» Records supplied

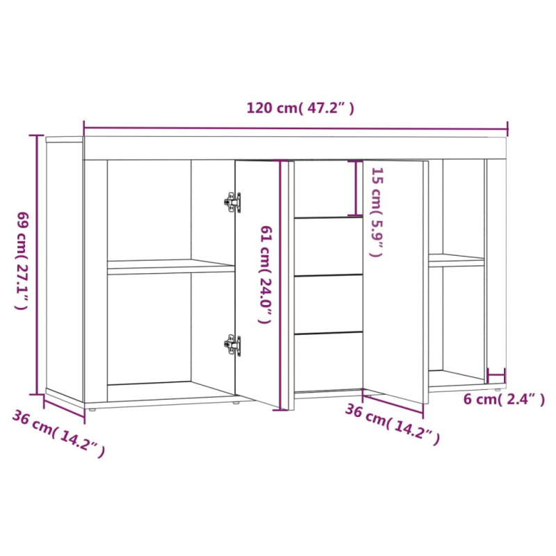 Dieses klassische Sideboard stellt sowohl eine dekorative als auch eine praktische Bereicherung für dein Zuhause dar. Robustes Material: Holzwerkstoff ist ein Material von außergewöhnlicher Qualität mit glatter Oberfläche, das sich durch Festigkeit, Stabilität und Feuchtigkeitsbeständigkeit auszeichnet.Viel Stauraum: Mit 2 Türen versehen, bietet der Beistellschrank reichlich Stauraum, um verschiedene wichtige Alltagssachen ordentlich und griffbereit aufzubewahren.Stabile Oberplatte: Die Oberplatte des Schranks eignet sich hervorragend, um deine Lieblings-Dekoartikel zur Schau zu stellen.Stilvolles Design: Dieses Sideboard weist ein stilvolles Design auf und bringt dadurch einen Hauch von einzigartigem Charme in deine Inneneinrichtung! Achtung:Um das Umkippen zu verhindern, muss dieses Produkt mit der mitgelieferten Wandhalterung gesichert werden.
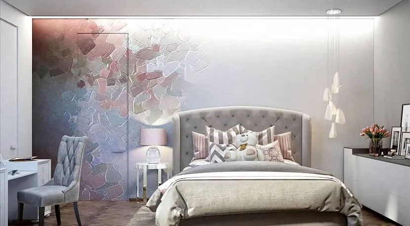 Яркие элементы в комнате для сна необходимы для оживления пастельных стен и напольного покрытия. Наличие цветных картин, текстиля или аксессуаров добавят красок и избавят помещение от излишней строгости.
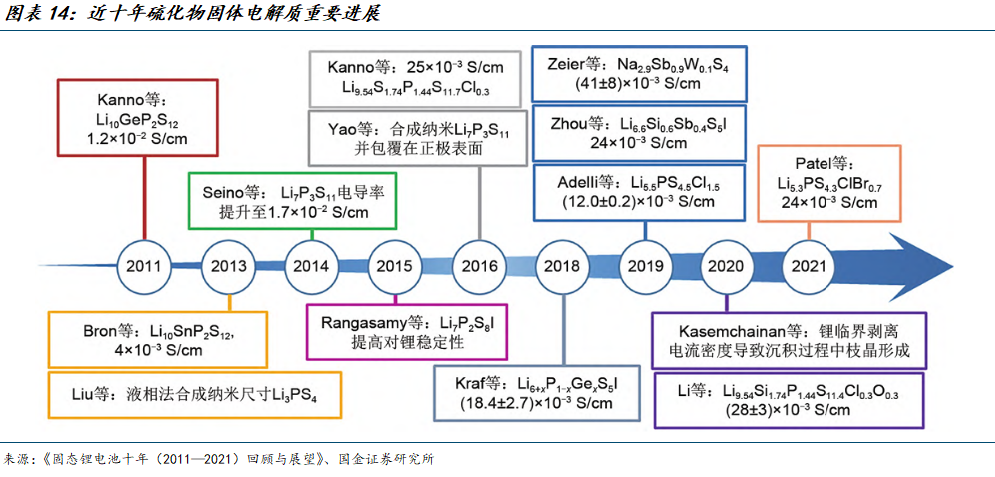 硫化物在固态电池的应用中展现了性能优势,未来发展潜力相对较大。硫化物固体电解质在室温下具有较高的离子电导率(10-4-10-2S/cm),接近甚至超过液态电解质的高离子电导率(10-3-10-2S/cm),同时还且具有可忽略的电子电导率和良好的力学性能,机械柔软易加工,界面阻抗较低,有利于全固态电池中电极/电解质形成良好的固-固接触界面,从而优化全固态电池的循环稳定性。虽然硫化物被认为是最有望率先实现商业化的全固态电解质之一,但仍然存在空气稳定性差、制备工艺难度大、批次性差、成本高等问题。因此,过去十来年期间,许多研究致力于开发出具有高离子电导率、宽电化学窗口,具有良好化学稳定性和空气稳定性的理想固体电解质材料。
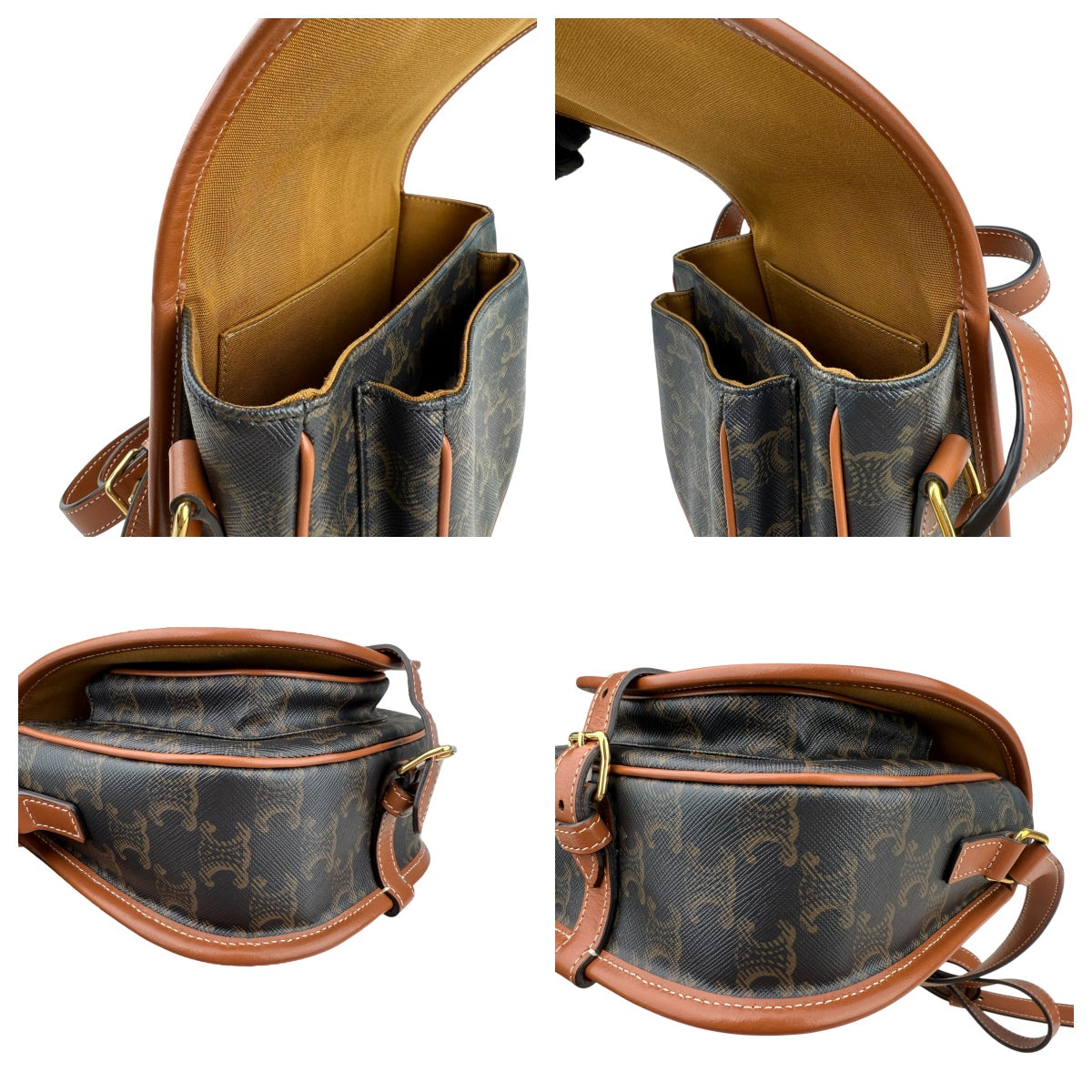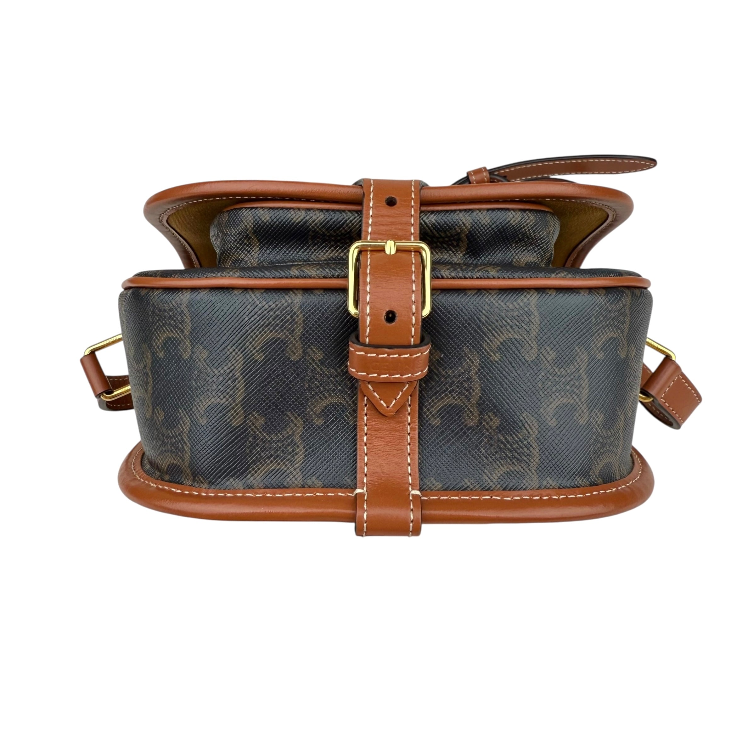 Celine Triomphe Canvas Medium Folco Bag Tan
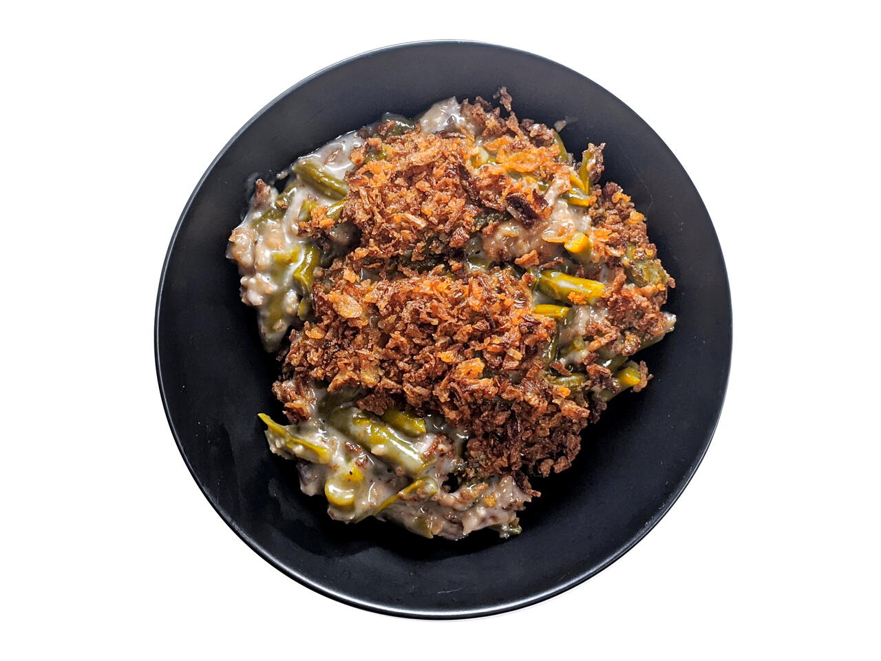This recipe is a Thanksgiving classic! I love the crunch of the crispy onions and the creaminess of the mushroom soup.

» To do
Set down exactly, with no additions, each line from the line that includes "Яркие элементы в" to the final line of the entries above; leave pictures out.

» Your response
 Яркие элементы в комнате для сна необходимы для оживления пастельных стен и напольного покрытия. Наличие цветных картин, текстиля или аксессуаров добавят красок и избавят помещение от излишней строгости.
 硫化物在固态电池的应用中展现了性能优势,未来发展潜力相对较大。硫化物固体电解质在室温下具有较高的离子电导率(10-4-10-2S/cm),接近甚至超过液态电解质的高离子电导率(10-3-10-2S/cm),同时还且具有可忽略的电子电导率和良好的力学性能,机械柔软易加工,界面阻抗较低,有利于全固态电池中电极/电解质形成良好的固-固接触界面,从而优化全固态电池的循环稳定性。虽然硫化物被认为是最有望率先实现商业化的全固态电解质之一,但仍然存在空气稳定性差、制备工艺难度大、批次性差、成本高等问题。因此,过去十来年期间,许多研究致力于开发出具有高离子电导率、宽电化学窗口,具有良好化学稳定性和空气稳定性的理想固体电解质材料。
 Celine Triomphe Canvas Medium Folco Bag Tan
This recipe is a Thanksgiving classic! I love the crunch of the crispy onions and the creaminess of the mushroom soup.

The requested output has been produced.